Kraft and John Kramer, technology integration specialist for the North Central Ohio Educational Service Center, are bringing their classes together for this project.
The projects took students and put them together electronically in different classrooms, different buildings, even different districts and challenged them to put together a project. The projects were based on Apple’s 1997 “Think Differently” advertisement campaign. Each student selected from a list of iconic figures such as John Lennon, Amelia Earhart and Albert Einstein. From there, they worked in groups using Google Slides – a similar software platform similar to PowerPoint – to create a presentation of the person’s life.
Ashlynn Deats, a student from Calvert, said she and her group selected Earhart. In the presentation, Deats and her team detail how Earhart thought differently, how she changed history, how she influenced others, how she influenced society and what happened to her.
Deats said they chose Earhart because “we felt she was the most interesting person to write about.”
Kraft said this is the first time the schools have worked like this together.

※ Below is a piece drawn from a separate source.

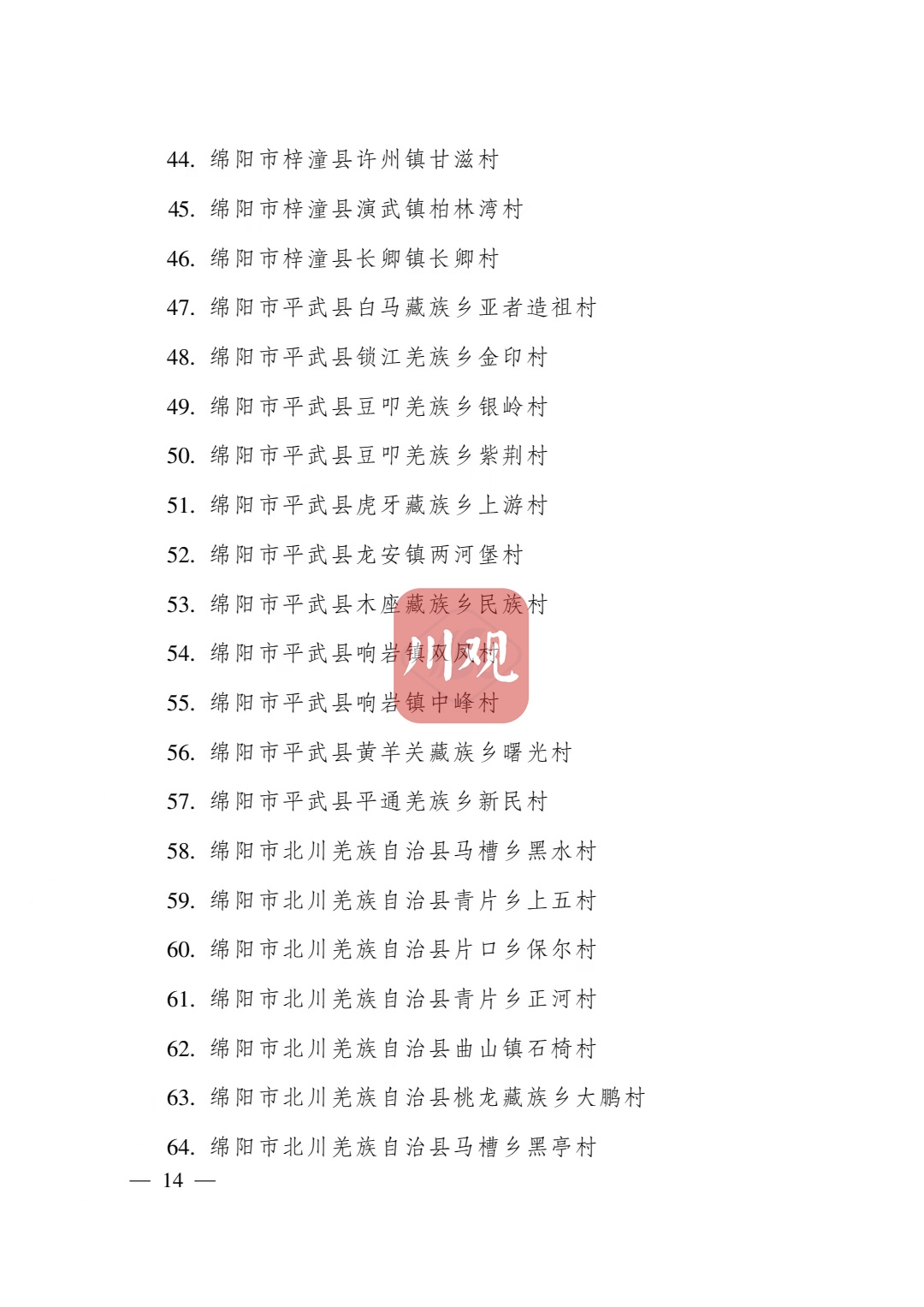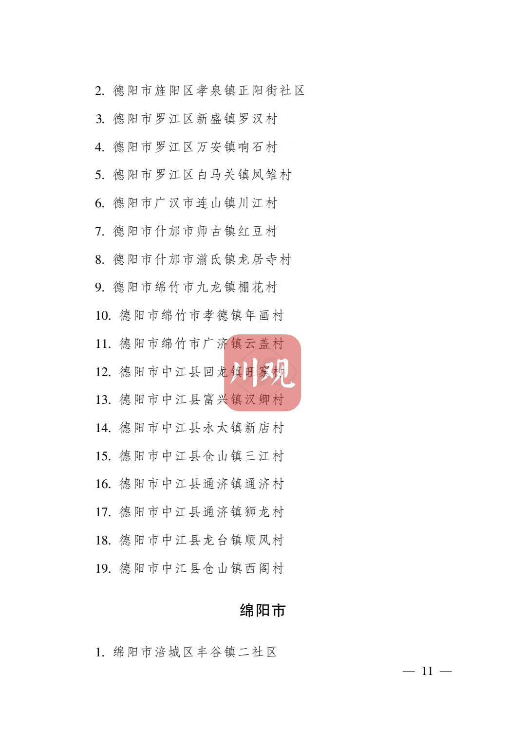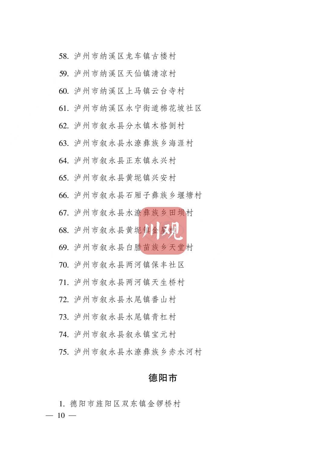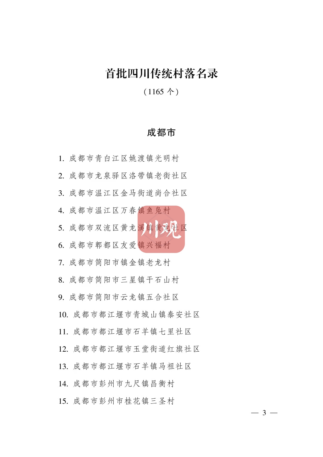 根据《四川省传统村落保护条例》,经各地申报、专家审查并向社会公示,省政府决定将成都市青白江区姚渡镇光明村等1165个村落列入四川传统村落名录,现予公布。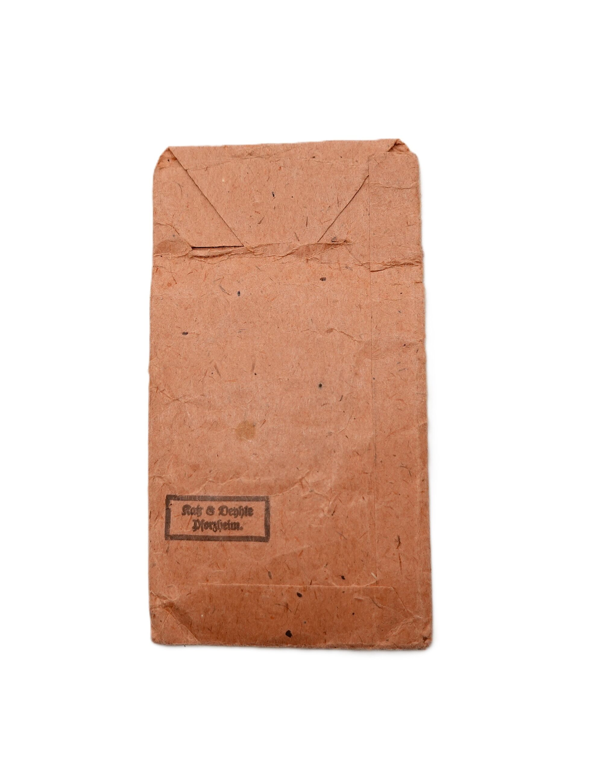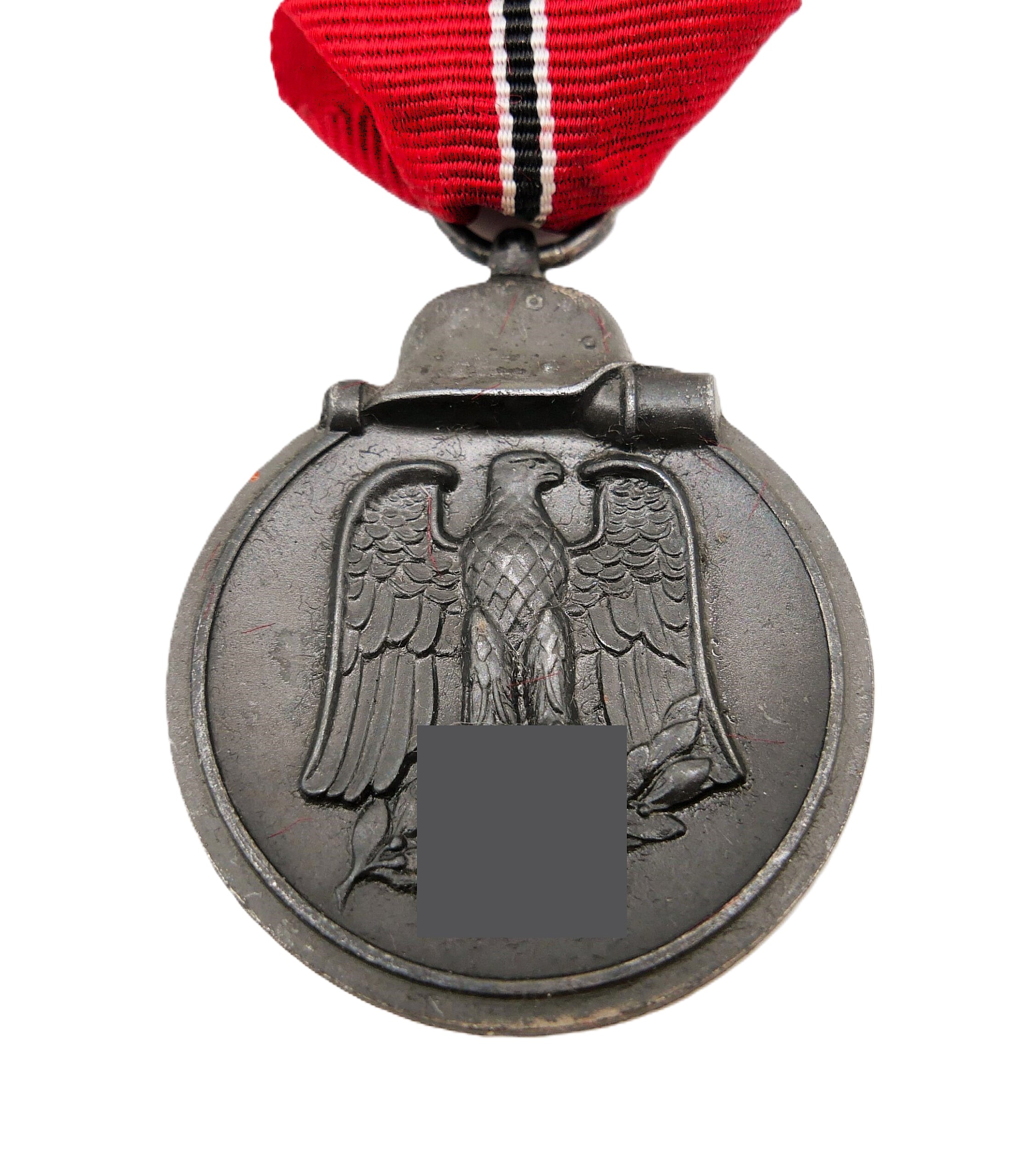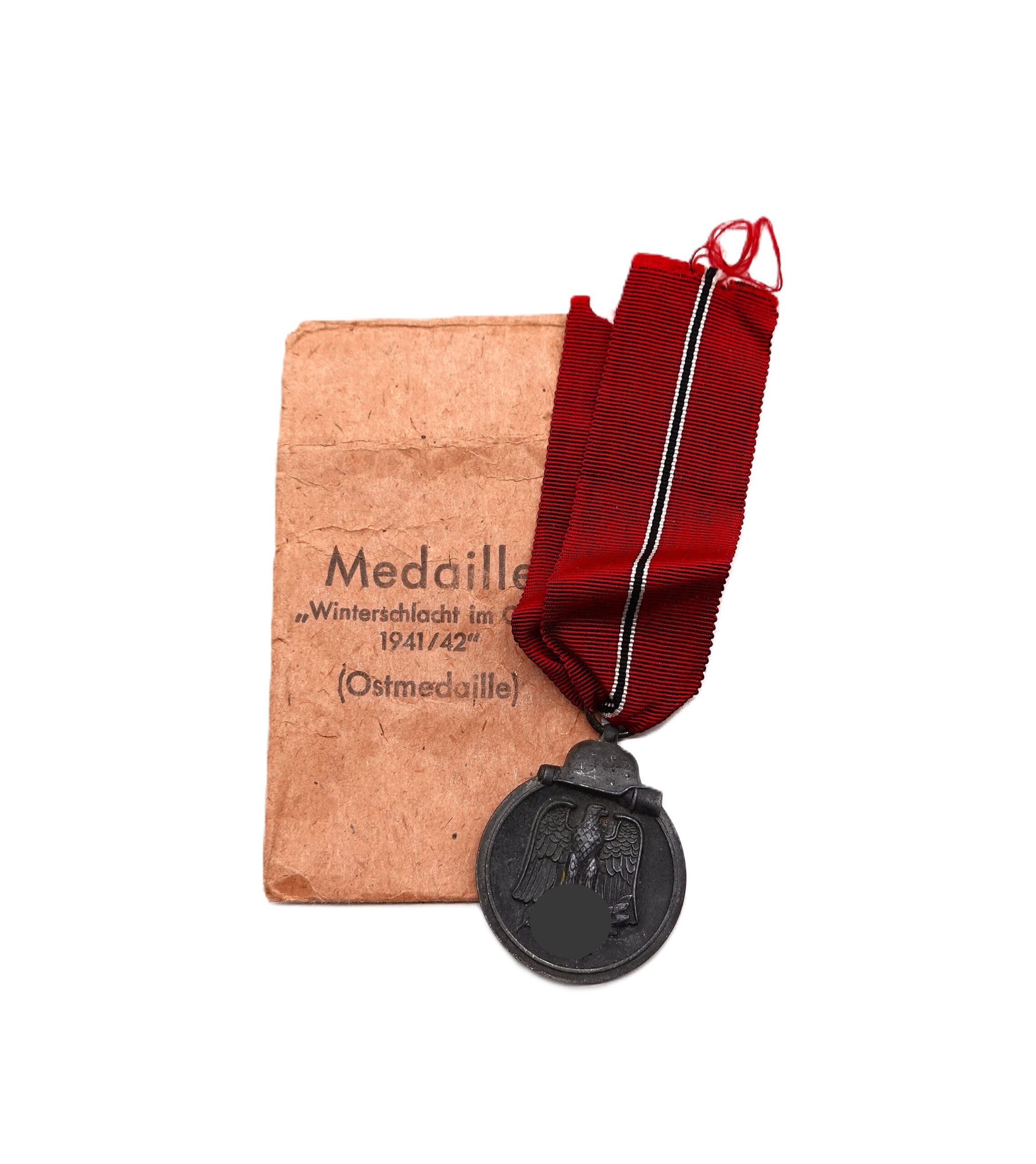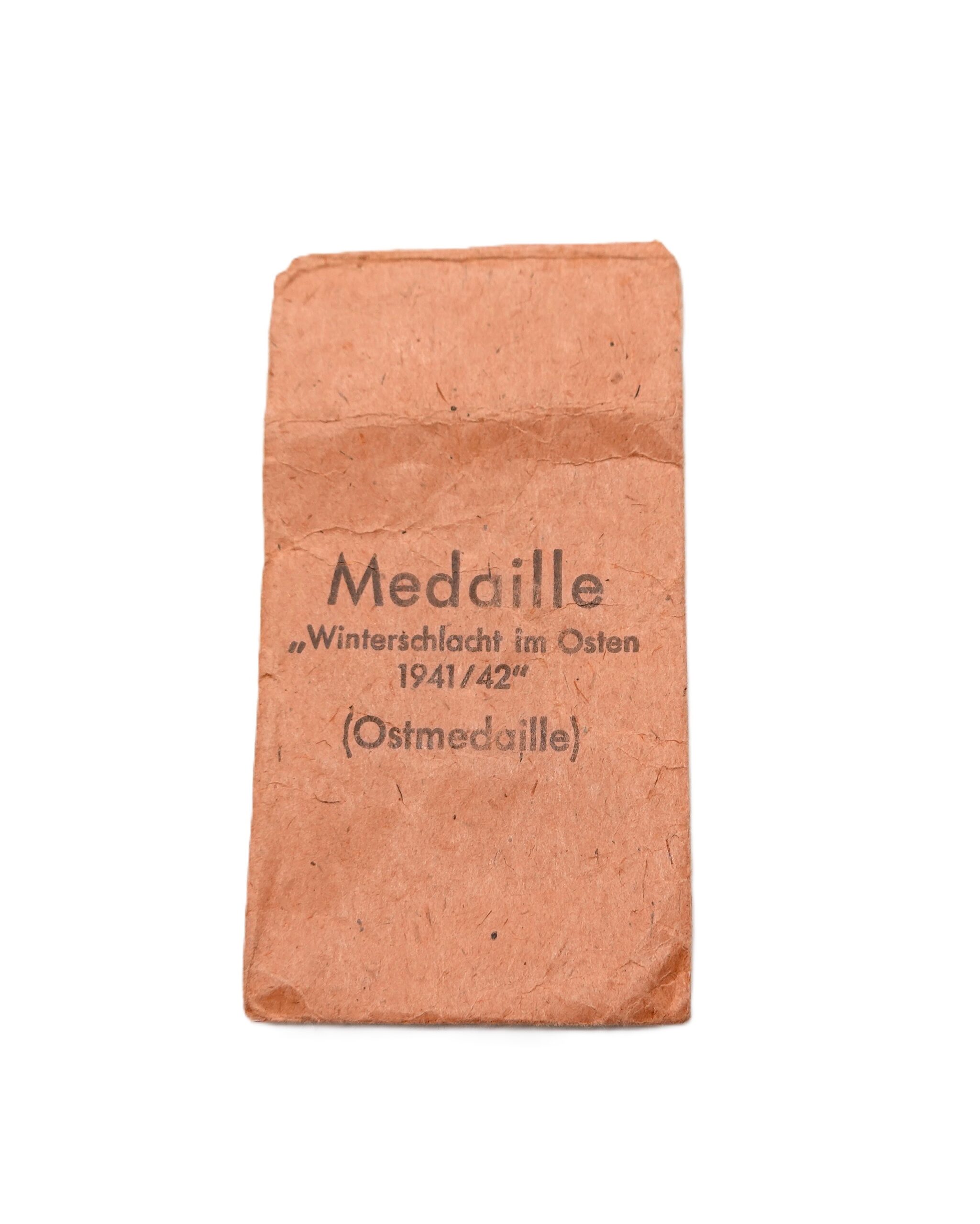 Medaille Winterschlacht im Osten 1941/42 am 14,5 cm langen Bandabschnitt. Hersteller 60 (Katz & Deyhle, Pforzheim). Mit der Verleihungstüte. Diese an einer Seite etwas aufgerissen und mit kleineren Beschädigungen.

“This has been a nice way for students to connect with other students,” Kraft said.
To communicate, the students have a messaging system to write back and forth and, in case they need to speak with team members from the other school, Kraft said they are able to talk face-to-face in a live video stream.
Keven Rinaman, technology director at Calvert, said, “This is a new take on pen pals.”
Kraft said the students have been very engaged and are working well together.
“There are times where one student from Calvert or New Riegel will want to change something and they have to understand they need to communicate that change to their team,” Kraft said. “It is about understanding how everyone is different.”
Kramer too agrees communication is the major challenge between schools.
“Students from either New Riegel or Calvert at time send messages the others don’t always respond back,” Kramer said. “The challenge then is to learn how to communicate effectively.”
This project, according to Kraft, is bonding the two schools together.
“Most students only see other students from other schools at sports games,” he said. “This is a new level of learning.”
New Riegel students Ally Rumschlag and Ann Mahling are working on projects with their teams about Einstein.
Rumschlag said she has found the project to be easy, but is was hard to get used to.
“It has been hard to try to guess what the others are trying to say,” Mahling said.
The projects lead up to presentations which are to start Thursday.
Kraft said this opens more opportunities to collaborate like this in the future with New Riegel and other school districts.